◆ WHAT THE EXERCISE ASKS
Should an entry contain an image, omit it and repeat the rest exactly.
——
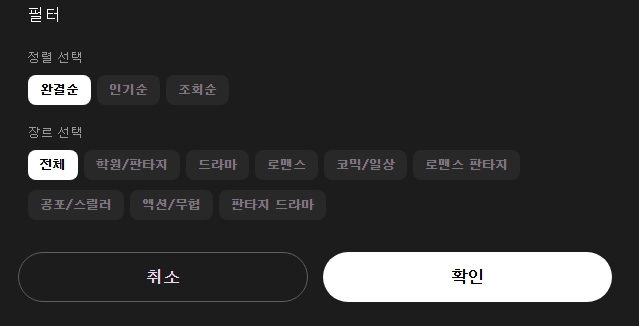 장르별 구분 탭에 들어가면 로맨스, 액션, 판타지 같은 종류별로 모아진 웹툰 목록을 살펴볼 수 있고 최신 작품과 완결 작품을 필터로 지정해 찾아보기도 편리합니다.
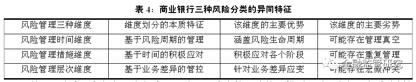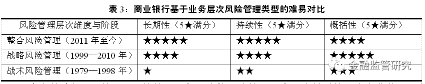 本文结论如下:第一,尽管基于业务层次的风险管理具有一定差异性和应变优势,但也可能存在战略风险管理与战术风险管理的层次冲突。因为,前者更注重长期性、全面性和统一性,是建立在全行所有业务上的统筹和全局之上的,因此,在其具体落实时,可能会与战术性风险管理存在局部与整体、短期与长期、微观与宏观的矛盾。这就需要商业银行的相关部门,特别是战略管理部、风险管理部、内控合规部等风险管理的综合性职能部门统一部署,积极协调,及时发现这类问题和苗头,将其他部门的局部利益统一到全行的全局利益上来,将有关部门的短期视界统一到全行的长期愿景中来,将涉及部门的微观举措统一到全行的长期框架里去。在实现了上述三者统一的基础上,综合性职能部门还需要支持和指导各业务部门在日常的风险管理中避免管理的真空,减少重复的管理举措,降低风险管理的成本,提升风险管理的效率。此外,如果突破三种维度的框架,平等讨论上述九类风险管理类型的特征,可以推导出如下初步结论:一是事前风险管理的效果最好,但也最难度量且最难实现;二是整合风险管理的针对性最强,长期性和持续性最具特色;三是事中风险管理,或者称之为风险控制类型的时效性要求最高,只有确保其控制的及时性,才能保证其管理的有效性。不难看出,上述四类风险管理各具特色,在各自的维度中具有难以替代的作用。
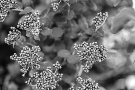 branches and bunches of abstract wild prickly flowers closeup in the foreground and on an indistinct background monochrome tone
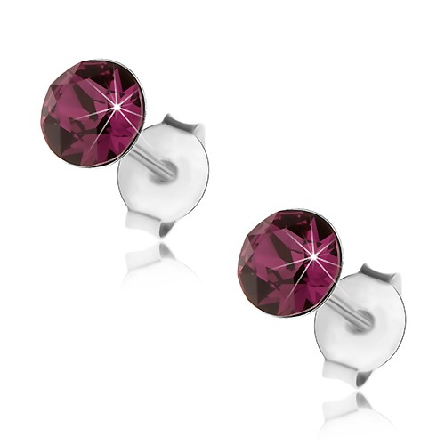Popis produktu Náušnice ze stříbra 925, kulatý Swarovského krystal fialové barvy, 5 mm
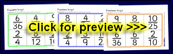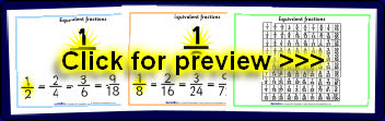 A set of simple posters showing some basic equivalent fractions. Also includes a fractions grid.
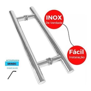 Material: aço inoxidável Acabamento: polido Diâmetro: 25 mm Formato: redondo Tamanho: 30 cm Distância entre furos: 20 cm Fixação: parafusos inclusos Aplicação: portas pivotantes de alumínio ou vidro ou madeira Durabilidade: alta
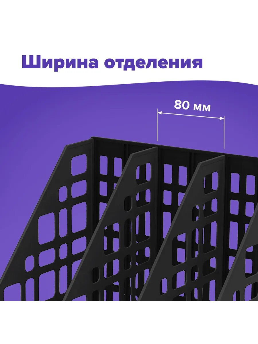 Лоток/подставка/органайзер вертикальный канцелярский сетчатый для документов/бумаг/файлов, 3 отделения, сборный, Brauberg "MAXI Plus" 240 мм, черный, 237013
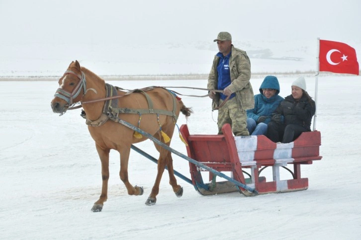 Çıldır Gölü’nde dörtnala atlı kızak keyfi
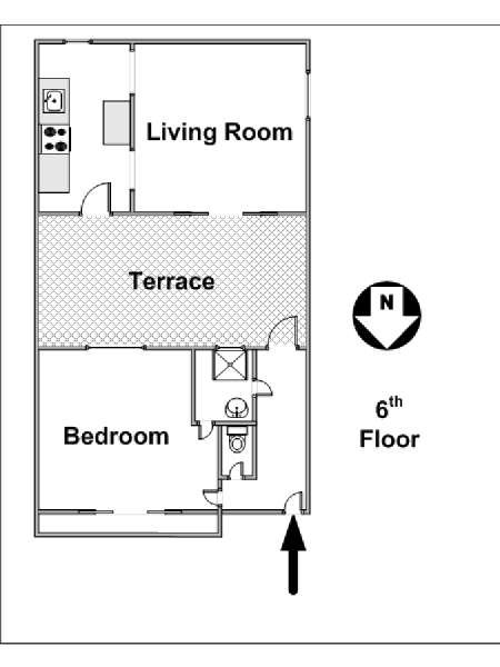 The apartment is located on the 6th floor of a building with elevator.
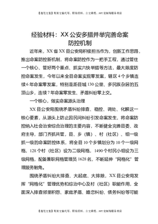 经验材料:XX公安多措并举完善命案防控机制.docx
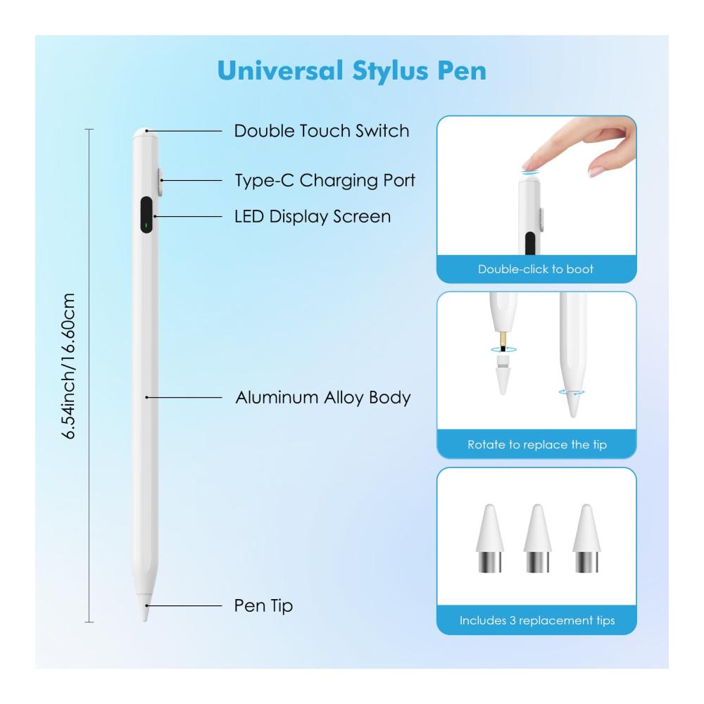 • Entdecken Sie den MoKo Stylus Pen für Touchscreens in Weiß mit Power Display. Dieser aktive Universal Stift ist mit den meisten iOS/Android Tablets kompatibel. Dank der Direkten LED-Leistungsanzeige wissen Sie immer, wie viel Energie noch übrig ist. Der Stift verfügt über Schnellladung und Auto-Sleep-Design für effiziente Nutzung. Die magnetische Befestigung und der Doppeltipp-Touch-Schalter machen ihn praktisch in der Anwendung. Er bietet hohe Präzision und reibungsloses Schreiben. Erhalten Sie alles Notwendige für eine optimale Nutzung.
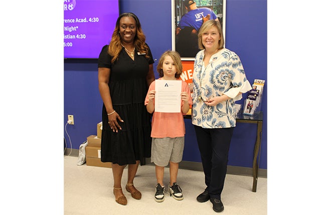 Congratulations to Northeast Academy for Aerospace and Advanced Technologies student Theodore Noble! He is the winner of Albemarle EMC's contest to attend the Carolina Men's Basketball School camp at UNC Chapel Hill. He is accompanied by Assistant Principal Shayla Spence (left) and Principal Dr. Leah Lane.
——
◆ RESPONSE
 장르별 구분 탭에 들어가면 로맨스, 액션, 판타지 같은 종류별로 모아진 웹툰 목록을 살펴볼 수 있고 최신 작품과 완결 작품을 필터로 지정해 찾아보기도 편리합니다.
 本文结论如下:第一,尽管基于业务层次的风险管理具有一定差异性和应变优势,但也可能存在战略风险管理与战术风险管理的层次冲突。因为,前者更注重长期性、全面性和统一性,是建立在全行所有业务上的统筹和全局之上的,因此,在其具体落实时,可能会与战术性风险管理存在局部与整体、短期与长期、微观与宏观的矛盾。这就需要商业银行的相关部门,特别是战略管理部、风险管理部、内控合规部等风险管理的综合性职能部门统一部署,积极协调,及时发现这类问题和苗头,将其他部门的局部利益统一到全行的全局利益上来,将有关部门的短期视界统一到全行的长期愿景中来,将涉及部门的微观举措统一到全行的长期框架里去。在实现了上述三者统一的基础上,综合性职能部门还需要支持和指导各业务部门在日常的风险管理中避免管理的真空,减少重复的管理举措,降低风险管理的成本,提升风险管理的效率。此外,如果突破三种维度的框架,平等讨论上述九类风险管理类型的特征,可以推导出如下初步结论:一是事前风险管理的效果最好,但也最难度量且最难实现;二是整合风险管理的针对性最强,长期性和持续性最具特色;三是事中风险管理,或者称之为风险控制类型的时效性要求最高,只有确保其控制的及时性,才能保证其管理的有效性。不难看出,上述四类风险管理各具特色,在各自的维度中具有难以替代的作用。
 branches and bunches of abstract wild prickly flowers closeup in the foreground and on an indistinct background monochrome tone
Popis produktu Náušnice ze stříbra 925, kulatý Swarovského krystal fialové barvy, 5 mm
 A set of simple posters showing some basic equivalent fractions. Also includes a fractions grid.
 Material: aço inoxidável Acabamento: polido Diâmetro: 25 mm Formato: redondo Tamanho: 30 cm Distância entre furos: 20 cm Fixação: parafusos inclusos Aplicação: portas pivotantes de alumínio ou vidro ou madeira Durabilidade: alta
 Лоток/подставка/органайзер вертикальный канцелярский сетчатый для документов/бумаг/файлов, 3 отделения, сборный, Brauberg "MAXI Plus" 240 мм, черный, 237013
 Çıldır Gölü’nde dörtnala atlı kızak keyfi
 The apartment is located on the 6th floor of a building with elevator.
 经验材料:XX公安多措并举完善命案防控机制.docx
 • Entdecken Sie den MoKo Stylus Pen für Touchscreens in Weiß mit Power Display. Dieser aktive Universal Stift ist mit den meisten iOS/Android Tablets kompatibel. Dank der Direkten LED-Leistungsanzeige wissen Sie immer, wie viel Energie noch übrig ist. Der Stift verfügt über Schnellladung und Auto-Sleep-Design für effiziente Nutzung. Die magnetische Befestigung und der Doppeltipp-Touch-Schalter machen ihn praktisch in der Anwendung. Er bietet hohe Präzision und reibungsloses Schreiben. Erhalten Sie alles Notwendige für eine optimale Nutzung.
 Congratulations to Northeast Academy for Aerospace and Advanced Technologies student Theodore Noble! He is the winner of Albemarle EMC's contest to attend the Carolina Men's Basketball School camp at UNC Chapel Hill. He is accompanied by Assistant Principal Shayla Spence (left) and Principal Dr. Leah Lane.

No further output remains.